Ein Sonderfall in diesem Zusammenhang ist der Denkmalschutz. Gebäude, die unter Denkmalschutz stehen, müssen nicht zwangsläufig zur Identität der Stadt und ihrer Bewohner beitragen. Doch auch sie stellen einen interessanten Fall für Refurbishment dar. Im Regelfall stammen solche Gebäude aus einer Zeit, in der Brandschutz und energetisches Bauen entweder noch keine Relevanz hatten oder anderen Standards folgten. Diese Gebäude weiterhin für eine vielfältige Nutzung zu erhalten oder gar erst wieder zu erschließen ist ein wichtiges Anliegen beim Refurbishment.

„Die Ziele von Refurbishment: Das kann die Methode leisten“

Beim Refurbishment geht es selbstverständlich nicht immer um den Erhalt von Ikonen der Architektur oder eines Wahrzeichens einer Stadt. Die meisten Gebäude aus den 1960er- bis 1980er-Jahren sind nicht unbedingt aufgrund ihrer Ästhetik erhaltenswert. Dieser Trend verstärkt sich aus meiner Perspektive. Die Lebensdauer von Gebäuden verkürzt sich zusehends dramatisch. Inzwischen finden sich Gebäude aus den 1990er-Jahren, die kaum mehr vermietbar sind. Dennoch gibt es gute Gründe, die für eine Revitalisierung anstatt eines Neubaus sprechen.

Refurbishment …

  • bringt Gebäude auf einen aktuellen Energiestandard,
  • gleicht das Raumangebot den aktuellen Bedürfnissen an,
  • schafft die notwendigen haustechnischen Voraussetzungen,
  • überprüft die gestiegenen Anforderungen an den Schallschutz,
  • kümmert sich um die Einhaltung der Brandschutzverordnung.

Das Ziel von Refurbishment muss meiner Meinung nach sein, dass das Gebäude nach seiner umfangreichen Revitalisierung allen Anforderungen an die neue Nutzung Stand hält.

„Refurbishment rettet die Einmaligkeit von Gebäuden“

Der Kulturphilosoph Walter Benjamin spricht in seinem berühmten Essay über „Das Kunstwerk im Zeitalter seiner Reproduzierbarkeit“ von der Aura, die das Einmalige von Kunstwerken kennzeichnet. Diese Aura haftet beispielsweise Kunstwerken in Museen an. Dort werden sie als Originale gezeigt, die ihre Einmaligkeit aus ihrem einmaligen Dasein im Hier und Jetzt beziehen.
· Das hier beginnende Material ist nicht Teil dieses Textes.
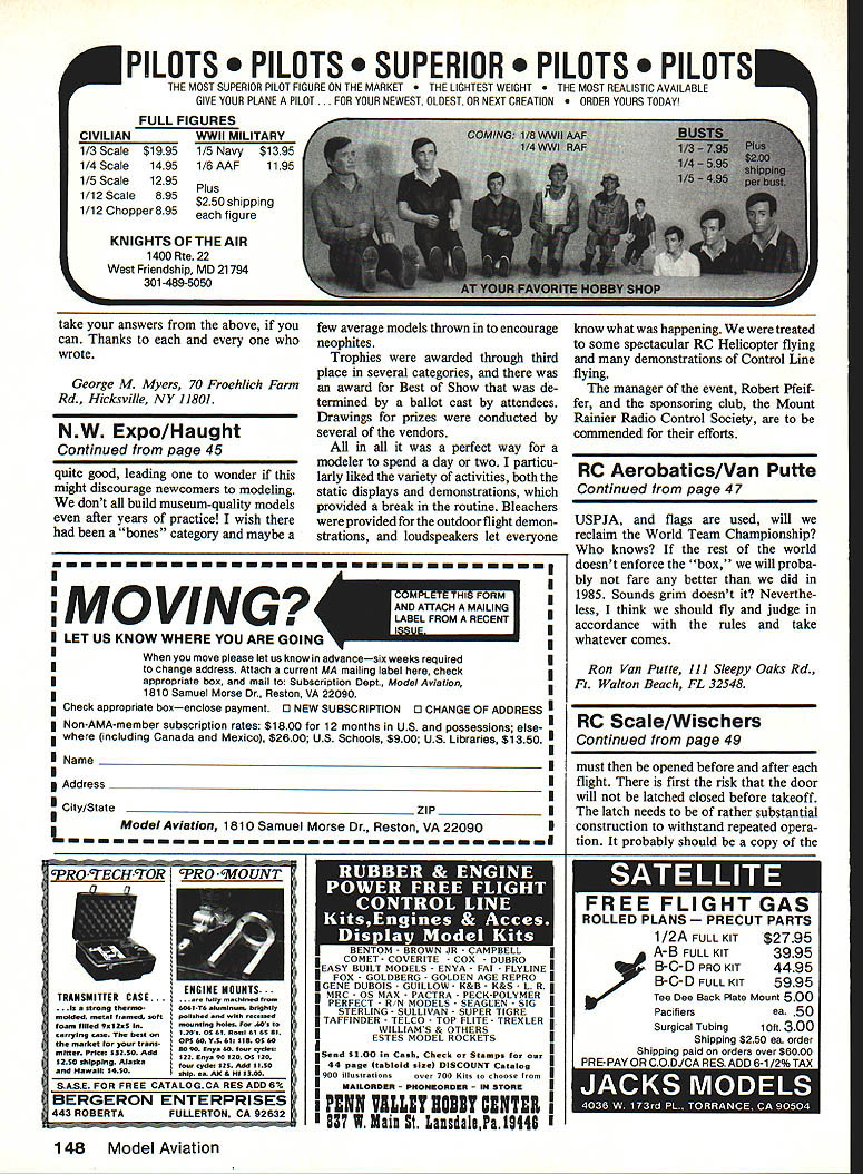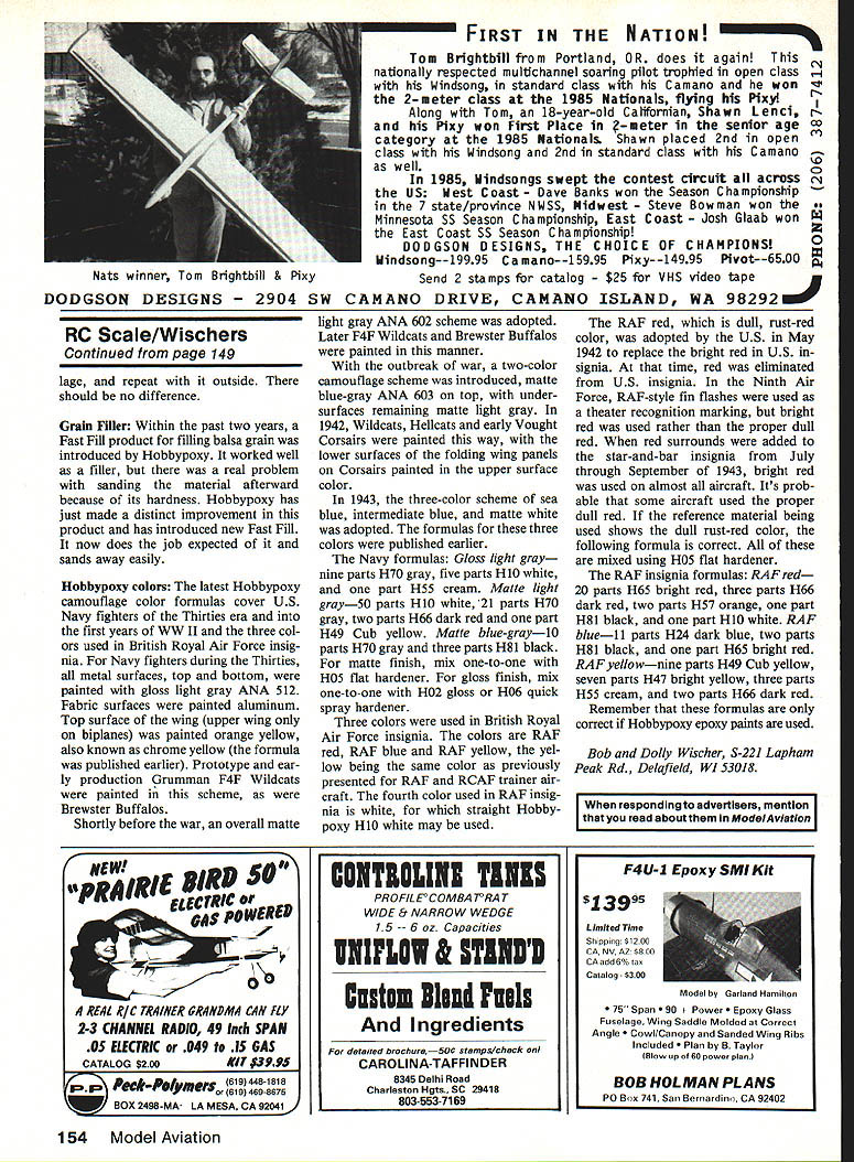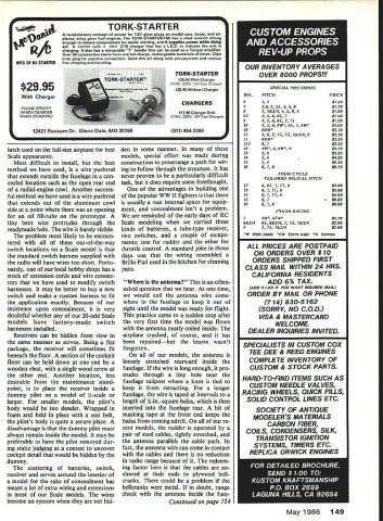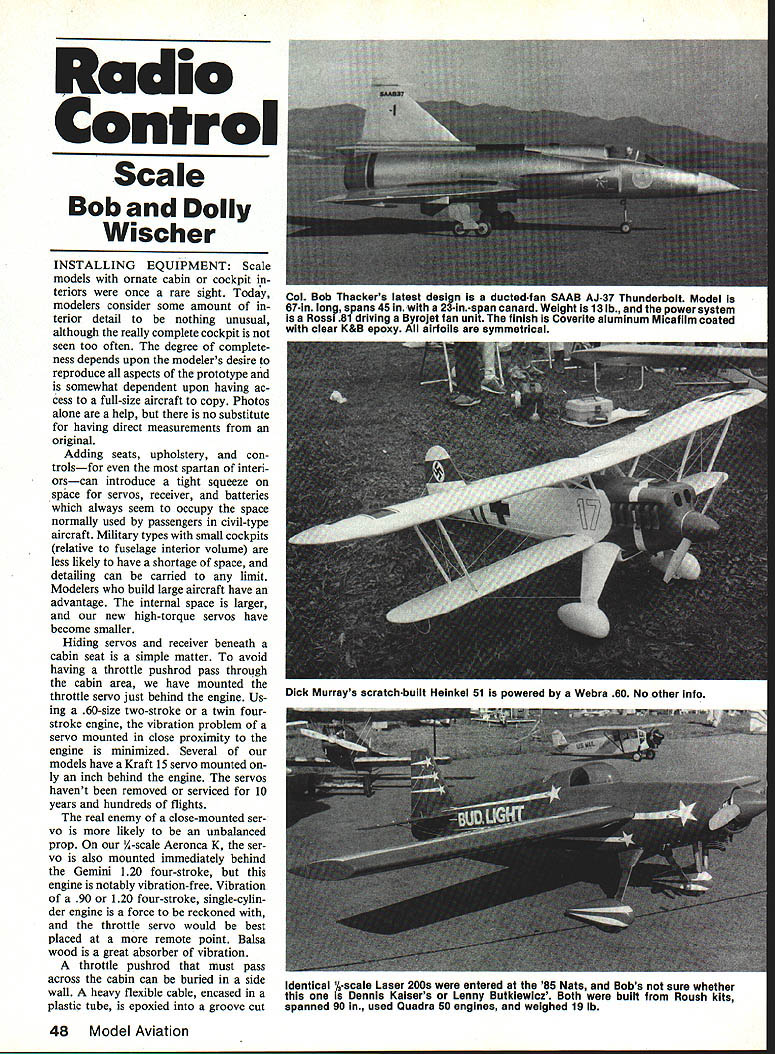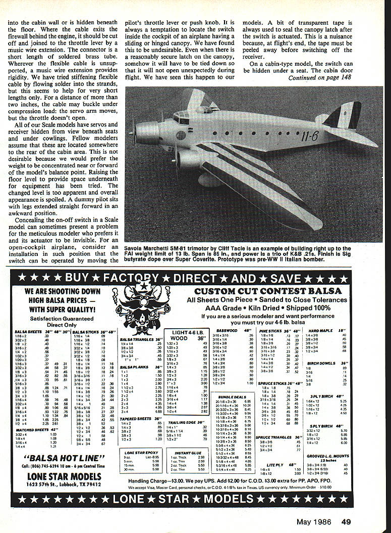Radio Control Scale Bob Dolly Wischer INSTALLING EQUIPMENT Scale models ornate cabin cockpit teriors once rare sight Today modelers consider some amount terior detail nothing unusual although really complete cockpit seen too often degree complete ness depends upon modelers desire reproduce aspects prototype somewhat dependent upon having ac cess full-size aircraft copy Photos alone help no substitute having direct measurements original Adding seats upholstery con trolsfor spartan interi orscan introduce tight squeeze space servos receiver batteries always seem occupy space normally used passengers civil-type aircraft Military types small cockpits relative fuselage interior volume less likely have shortage space detailing can carried limit Modelers build large aircraft have advantage internal space larger new high-torque servos have become smaller Hiding servos receiver beneath cabin seat simple matter avoid having throttle pushrod pass through cabin area have mounted throttle servo just behind engine Us ing 60-size two-stroke twin fourstroke engine vibration problem servo mounted close proximity engine minimized Several models have Kraft 15 servo mounted ly inch behind engine servos havent removed serviced 10 years hundreds flights real enemy close-mounted ser vo likely unbalanced prop A-scale Aeronca K ser vo also mounted immediately behind Gemini 120 four-stroke engine notably vibration-free Vibration 90 120 four-stroke single-cylin der engine force reckoned throttle servo would best placed remote point Balsa wood great absorber vibration throttle pushrod must pass across cabin can buried side wall heavy flexible cable encased plastic tube epoxied groove cut 48 Model Aviation Col Bob Thackers latest design ductedfan SAAB AJ37 Thunderbolt Model 67-In lone spans 45 23in-span canard Weight 13 lb power system Rossi 81 drIving Byrojet fan unit finish Coverite aluminum MicaflIm coated clear K&B epoxy airfoils symmetrical Dick Murrays scratch-built Heinkel 511s powered Webra 60 No other info Identical 11aScale Laser 200s entered 85 Nats Bobs sure whether Dennis Kaisers Lenny Butkiewicz Both built Roush kits spanned 90 used Quadra 50 engines weighed 19 lb cabin wall hidden beneath floor cable exits firewall behind engine should cut off joined throttle lever music wire extension connector short length soldered brass tube Wherever flexible cable unsup ported music wire extension provides rigidity have tried stiffening flexible cable flowing solder strands seems help very short lengths distance two inches cable may buckle under compression load servo arm moves throttle doesnt open Scale models have servos receiver hidden view beneath seats under cowlings Fellow modelers assume located somewhere rear cabin area desirable because would prefer weight concentrated near forward models balance point Ralsing floor level provide space underneath equipment has tried changed level too apparent overall appearance spoiled dummy pilot sits legs extended straight forward awkward position Concealing on-off switch Scale model can sometimes present problem meticulous modeler prefers its actuator invisible open-cockpit airplane consider installation such position switch can operated moving pilots throttle lever push knob always temptation locate switch inside cockpit airplane having sliding hinged canopy have found undesirable reasonably secure latch canopy somehow will have tied down will open unexpectedly during flight have seen happen models bit transparent tape always used seal canopy latch after switch actuated nuisance because flights end tape must peeled away before switching off receiver cabin-type model switch can hidden under seat cabin door Continued page 148 5AA3 WE ARE SHOOTING DOWN HIGH BALSA PRICES WITH SUPER QUALITTI Satisfaction Guaranteed Direct Only BALM SHUTS 36 48 30 BALSA STICKS 36 48 1/162331/161/409 3/322401/163/810 1/8 2431/161/214 3/162483/321/410 1/4 2063/323/612 1/323373/321/216 1/202371/81/806 1/1633749311/81/41116 3/323445837 1/83/81218 1/8 3547146 1/81/21824 3/1636292053/163/161116 1/4 37395613/163/617 5/163853/161/22230 3/6 388124711/41/41624 1/2 31101561/43/61926 3/4 3165 1/41/22130 1/164587648 1/43/43444 3/324709456 1/4140 1/6 480106660/165/162126 3/16483122753/63/82737 1/4 4110134643/81/23246 3/8 41652253/63/44255 1/2 4225261 3/8152 1/21/23053 MATCHEDSHUTS42 1/23/44662 3/324100 1/2156 1/64106 5/85/646 3/164120 3/43/467 1/44131 F BALSA TRIANGLES 36 4 425 383/630 2 235 3/4 3445 55 BALSA PLANKS 36 85 256 3206 4260 11/23275 11/24360 22225 23325 24435 33400 34660 TAPERED SHEETS 36 1/4265 1/4386 3/8288 3/6386 1/23120 LIGHT 4-6 LB WOOD36 1/32349 1/20340 1/16349 3/32356 1/8367 3/16378 1/4385 3/83110 1/23130 3/43220 1 3300 1/18478 3/32491 1/84106 3/164117 1/44138 3/64207 1/24282 TRAILING EDGE 36 1/4132 5/1611/430 3/811/246 1/2270 LONE STAR EPOXY7NTGLU71 BALSA HOT LINEsaLit.896IiOZ TOok298 Call 806745-639410.- 6pm Central timeII2o Thek560 2, [6500 LONE STAR MODELS 1623 57th St Lubbock TX 79412 SASS WOOD 3/163/16 3/161/4 3/163/6 3/16 1/2 3/163/4 1/41/4 1/43/8 1/43/4 3/63/6 3/81/2 3/83/4 1/2 1/2 1/23/4 48 26 30 30 46 60 42 49 60 60 70 80 60 100 BUNDLE DEALS 201/6330665 201/164361020 20-3/32330840 15-3/32 436955 15-1/6336715 101/6436675 15-3/16336960 103/16436810 101/430630 10-1/4430060 103/8330056 5-3/8436020 5-1/2330540 5-1/2430655 103/32446645 5-1/8446465 5-3/16448585 01/4446625 PINE STICKS 36 1/81/013 1181/416 1/83/820 3/143/1417 3163/823 3161230 1/41426 1/43030 1/41/234 3/83/037 48 HARD MAPLE 17 / 1/43/8 23 3/83/8 27 I 3/81/2 24 / 3/83/4 32 1/23/4 46 37 42 BIRCH DO WELS 47 1/6 52 3/16 1/4 5/16 SPRUCE STICKS 36 48 3/8 1/8 1/815 1/8 1/41824 1/8 3/82029 3/163/162534 1/4 1/43145 14 3/03680 3/8 3/84563 3/8 1/20570 1/2 1/26060 1/2 345688 SPRUCE TRIANGLES 3/83/8 1/2 1/2 3/43/4 36 45 61 77 IS 40 44 00 56 68 36 09 11 14 25 32 3PLYBIRCH48 1/6412525 1/3212420 1/1612435 1/812450 SPLYBIRCH48 3/3212570 1/812585 3/1612585 1/412600 GROOVED LG MOUNTS 12 Inches 3/83/4/1/8/46 3/83/4/5/32/46 1/23/4/3/1840 L

Diese Besonderheit, die Aura, haftet der Architektur umso mehr an, weil Gebäude nicht einfach 1:1 technisch reproduziert werden. Das Refurbishment ist eine Herangehensweise, die zunächst untersucht, ob es einen Unique Selling Point (USP) eines Gebäudes gibt, der es einmalig macht. Der USP kann sowohl in der Struktur im Inneren des Gebäudes liegen, in seiner äußeren Gestalt oder in seiner Bedeutung für die Menschen in einer Stadt. Die Einmaligkeit ist etwas, was sich technisch nicht reproduzieren lässt. Das Refurbishment schafft es aber, die Einmaligkeit zu retten.